* [INPUT RECORDS]
--- START ---

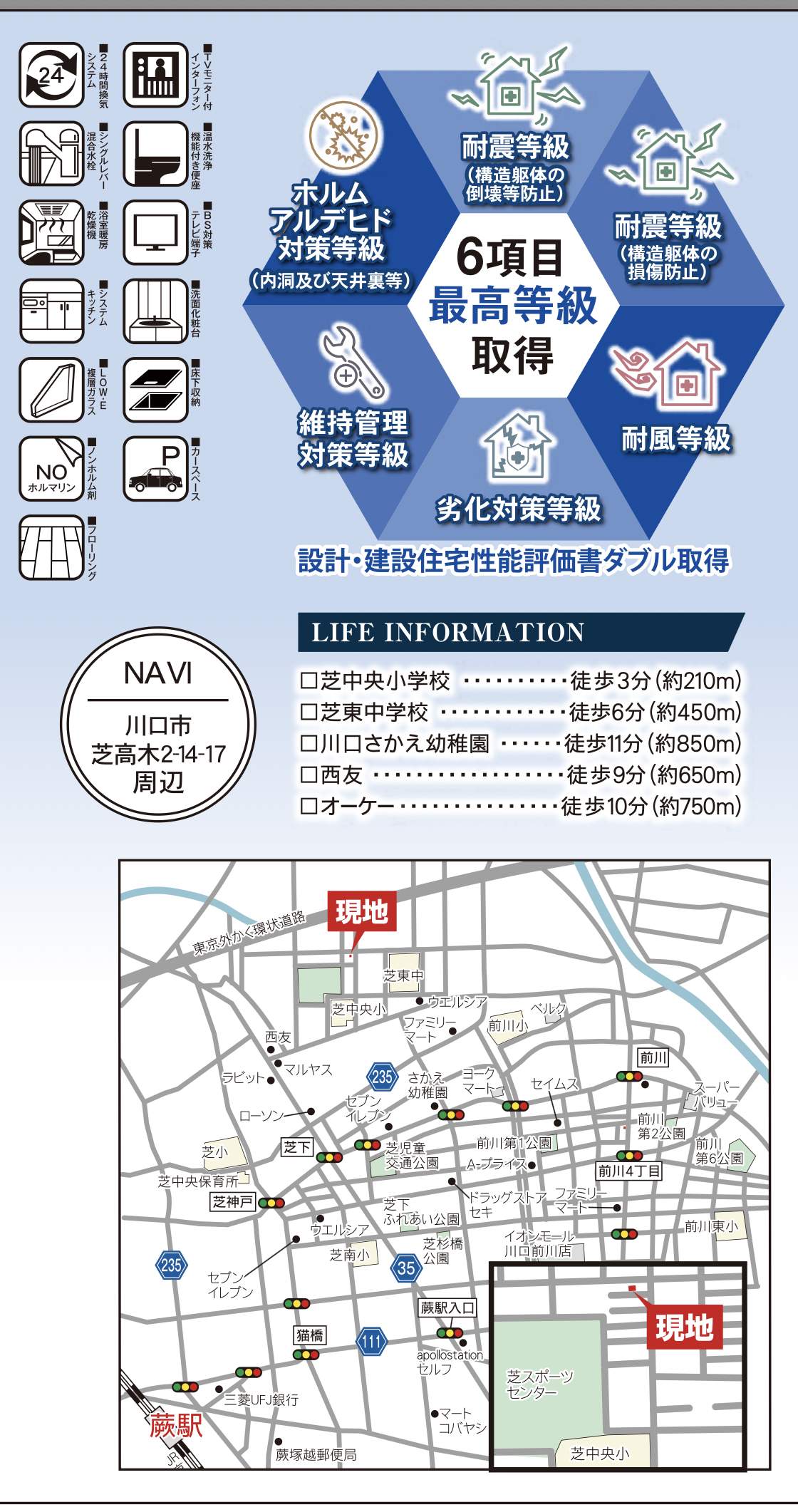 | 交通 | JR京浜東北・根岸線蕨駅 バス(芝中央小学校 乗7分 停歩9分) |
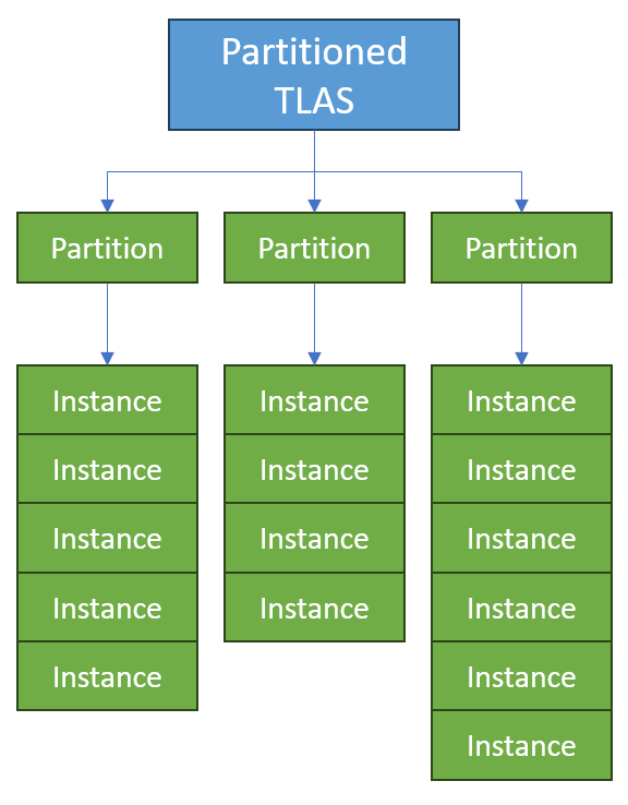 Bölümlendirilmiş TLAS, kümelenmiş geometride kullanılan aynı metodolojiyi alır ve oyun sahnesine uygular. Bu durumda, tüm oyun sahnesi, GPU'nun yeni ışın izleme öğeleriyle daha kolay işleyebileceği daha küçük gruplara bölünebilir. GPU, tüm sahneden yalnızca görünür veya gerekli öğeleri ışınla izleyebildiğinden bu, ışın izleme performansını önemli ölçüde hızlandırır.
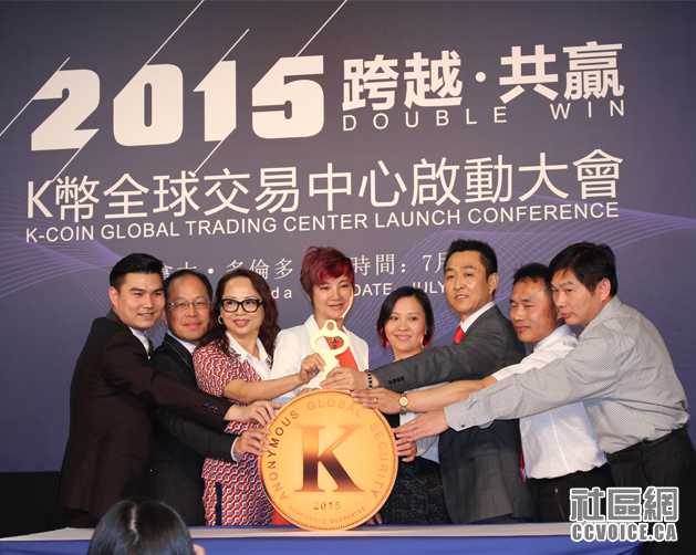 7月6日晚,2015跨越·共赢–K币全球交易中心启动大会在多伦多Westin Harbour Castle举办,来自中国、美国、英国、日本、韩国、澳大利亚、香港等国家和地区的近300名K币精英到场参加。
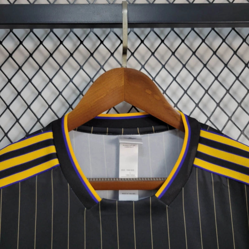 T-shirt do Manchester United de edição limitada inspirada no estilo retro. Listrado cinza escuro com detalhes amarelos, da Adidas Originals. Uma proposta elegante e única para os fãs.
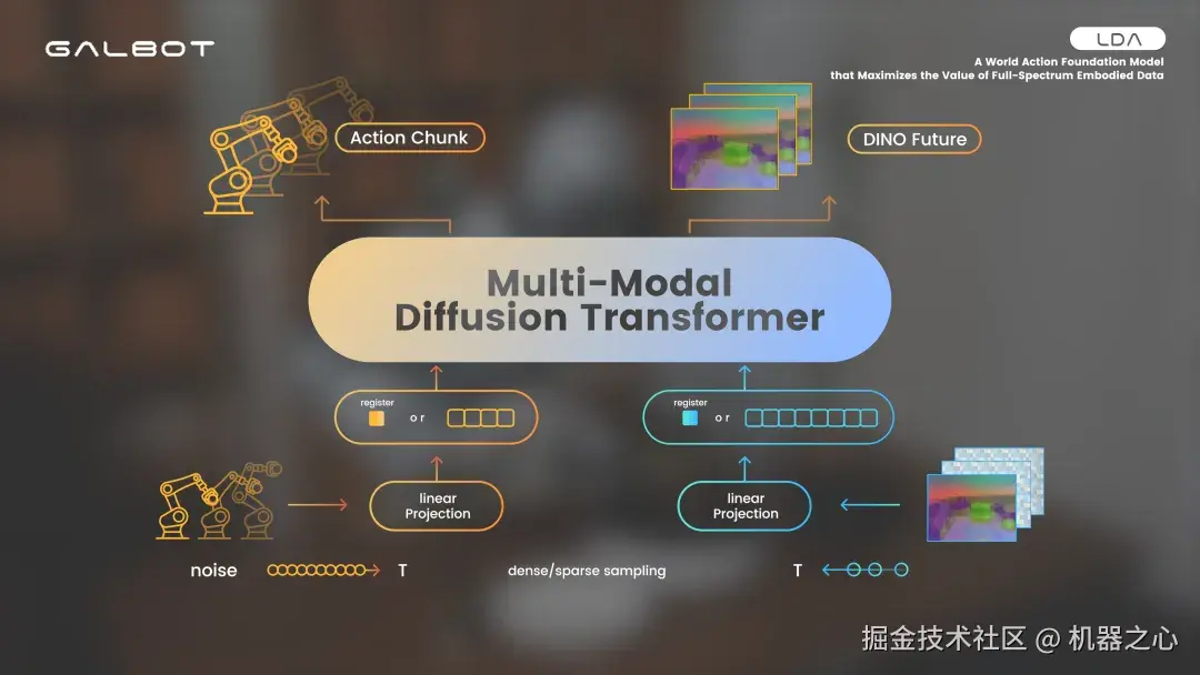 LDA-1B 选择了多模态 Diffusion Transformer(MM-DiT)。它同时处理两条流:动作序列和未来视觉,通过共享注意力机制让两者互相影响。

--- END ---
--- START ---

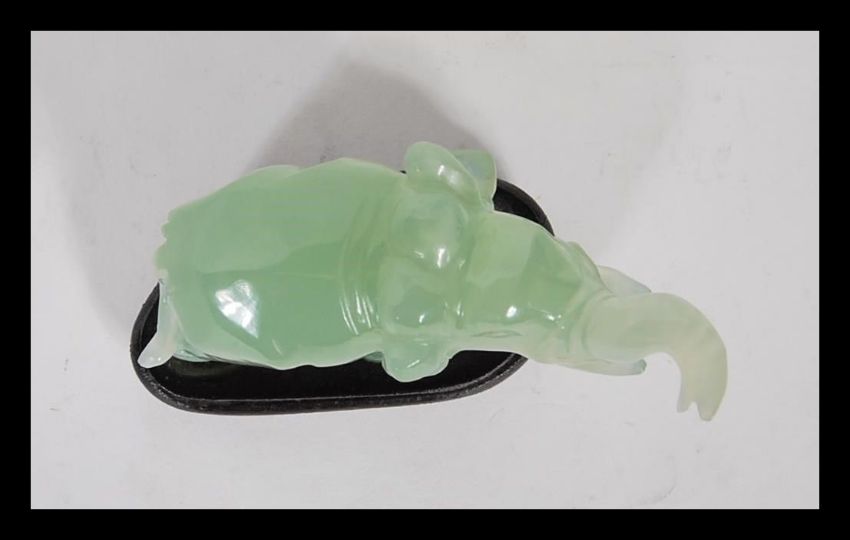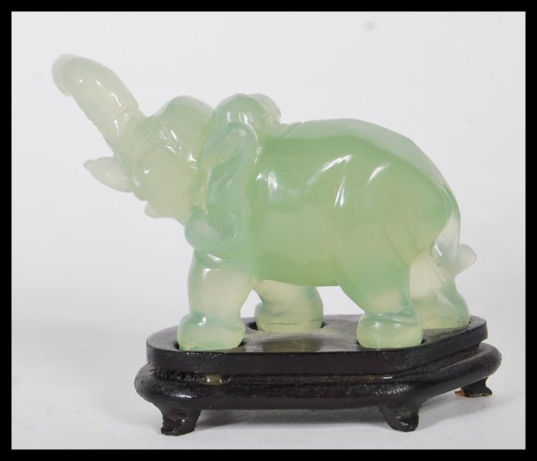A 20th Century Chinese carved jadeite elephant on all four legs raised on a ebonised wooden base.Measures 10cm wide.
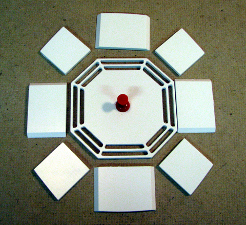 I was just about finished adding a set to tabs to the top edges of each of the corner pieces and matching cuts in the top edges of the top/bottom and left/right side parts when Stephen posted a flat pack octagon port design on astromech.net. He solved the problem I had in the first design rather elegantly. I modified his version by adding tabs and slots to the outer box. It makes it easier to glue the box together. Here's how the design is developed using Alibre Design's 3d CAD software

--- END ---

* [EXERCISE DETAILS] Go back to the listing above and write out the lines starting at the one with "Bölümlendirilmiş TLAS, kümelenmiş" and ending at the one with "LDA-1B 选择了多模态 Diffusion", inclusive, exactly and without pictures.

* [RESPONSE]
 Bölümlendirilmiş TLAS, kümelenmiş geometride kullanılan aynı metodolojiyi alır ve oyun sahnesine uygular. Bu durumda, tüm oyun sahnesi, GPU'nun yeni ışın izleme öğeleriyle daha kolay işleyebileceği daha küçük gruplara bölünebilir. GPU, tüm sahneden yalnızca görünür veya gerekli öğeleri ışınla izleyebildiğinden bu, ışın izleme performansını önemli ölçüde hızlandırır.
 7月6日晚,2015跨越·共赢–K币全球交易中心启动大会在多伦多Westin Harbour Castle举办,来自中国、美国、英国、日本、韩国、澳大利亚、香港等国家和地区的近300名K币精英到场参加。
 T-shirt do Manchester United de edição limitada inspirada no estilo retro. Listrado cinza escuro com detalhes amarelos, da Adidas Originals. Uma proposta elegante e única para os fãs.
 LDA-1B 选择了多模态 Diffusion Transformer(MM-DiT)。它同时处理两条流:动作序列和未来视觉,通过共享注意力机制让两者互相影响。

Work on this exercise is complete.